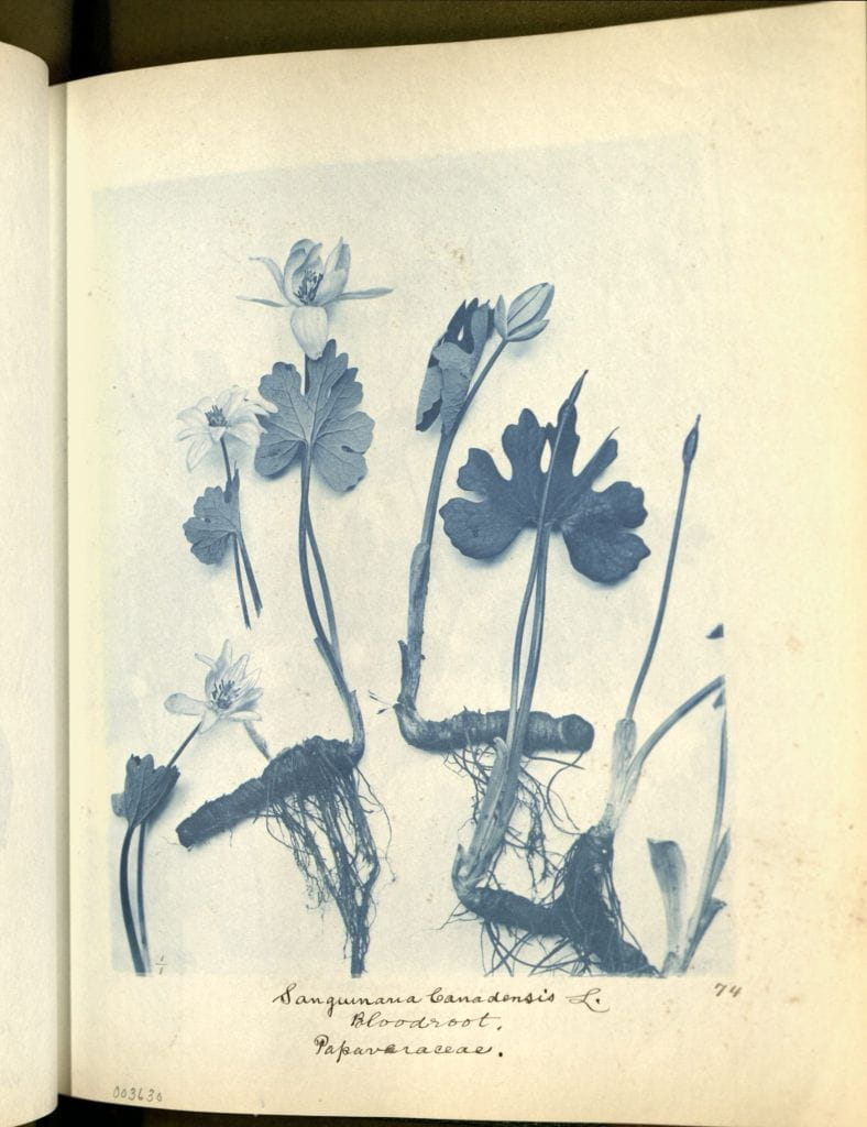 A cyanotype print of Sanguinaria canadensis from his title is one example. Also known as bloodroot, bloodwort and red puccoon, it is a native plant to eastern North America. Commonly found in woodlands around the Philadelphia area, it flowers briefly in the early spring with a delicate white or pink blossom around a golden center, growing close to the ground.
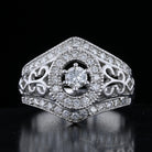 This breathtaking vintage diamond ring combines intricate detailing with timeless elegance. Crafted in 14K white gold, it features a brilliant round-cut center diamond surrounded by a halo of sparkling stones and ornate design accents, making it a truly captivating piece.
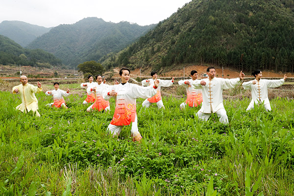 图二、3月14日,健身爱好者在武夷山吴屯乡街路村百花岩自然村表演健身气功八段锦。

====

[Goal of the exercise]
Print the material word for word; images are to be left out.

[Solution below]
 A cyanotype print of Sanguinaria canadensis from his title is one example. Also known as bloodroot, bloodwort and red puccoon, it is a native plant to eastern North America. Commonly found in woodlands around the Philadelphia area, it flowers briefly in the early spring with a delicate white or pink blossom around a golden center, growing close to the ground.
 This breathtaking vintage diamond ring combines intricate detailing with timeless elegance. Crafted in 14K white gold, it features a brilliant round-cut center diamond surrounded by a halo of sparkling stones and ornate design accents, making it a truly captivating piece.
 图二、3月14日,健身爱好者在武夷山吴屯乡街路村百花岩自然村表演健身气功八段锦。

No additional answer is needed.